2024年4月20日土曜日

デュ・モーリア『愛はすべての上に』 The loving spirit 1931

ダフネ・デュ・モーリアの処女作である。作者24歳時の出版である。題名のThe loving spiritは題辞に掲げられたエミリ・ブロンテの詩(ブロンテの詩は全体だけでなく、各章の初めにもある)から来たのであろう。「愛する心 代々伝わりて/永遠(とわ)に絶ゆることなし」一家に代々伝わる生きる情熱が主題の小説とも言える。原題でも訳名でも内容は分からない。内容に沿った訳名としては『クーム家の人々』が考えられる。トーマス・マンの処女作『ブッデンブローク家の人々』を思い出したからだ。また親子代々の物語ではバックの『大地』も思い出した。『ブッデンブローク家の人々』を20歳代前半で良く書けたものだとの感心を読んだことがあるが、本書についても同様に言えるだろう。

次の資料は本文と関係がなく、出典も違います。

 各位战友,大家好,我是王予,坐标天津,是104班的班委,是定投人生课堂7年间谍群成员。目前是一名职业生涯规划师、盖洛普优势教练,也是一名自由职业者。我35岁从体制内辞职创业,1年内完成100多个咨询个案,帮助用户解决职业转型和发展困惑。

コーンウォールの田舎の港町に住むクーム家。小説の初めは19世紀の前半で、ジャネット・クームという女、男まさりで男に生まれたかったという女の物語である。青年と結婚する。子供を何人も授かるが、その中でジョゼフという男児を特別可愛がり、ジョゼフと母親の間には緊密な愛情が生まれる。第二部はこのジョゼフの物語である。逞しく成長したジョゼフは船乗りになる。男性的であるが粗暴で専制君主である。結婚して生まれた長男が次の主人公になる。ジョゼフは最初の妻を亡くしてから、老年に近い歳になって激しい恋愛をする。これは不幸をもたらした。更にジョゼフの末弟フィリップは計算ずくの不快な男であり、小説の最後まで登場する。ジョゼフの長男クリスは父と全く似てない文弱であり、船乗りなど成りたくない。父親をいたく失望させる。何とか決意して船に乗ったが、船酔いその他船に怖れしか感じず、途中のロンドンで船を下り行方をくらます。ロンドンで下宿に住み、そこの娘と結婚する。不況で財産を亡くし、妻と田舎の港町に帰る。クリスは兄弟や親戚が経済的に困っており、叔父のフィリップに援助を頼むがにべもなく断られる。クリスは「英雄的」行為で命を落とす。クリスの妻は田舎を嫌い、ロンドンに子供を連れて帰る。クリスの娘ジェニファーが最後の主人公である。成長したジェニファーはロンドンを嫌い、父の田舎に帰る。そこで従兄に会い親しくなる。また吝嗇漢の叔父フィリップに仕返しを企てる。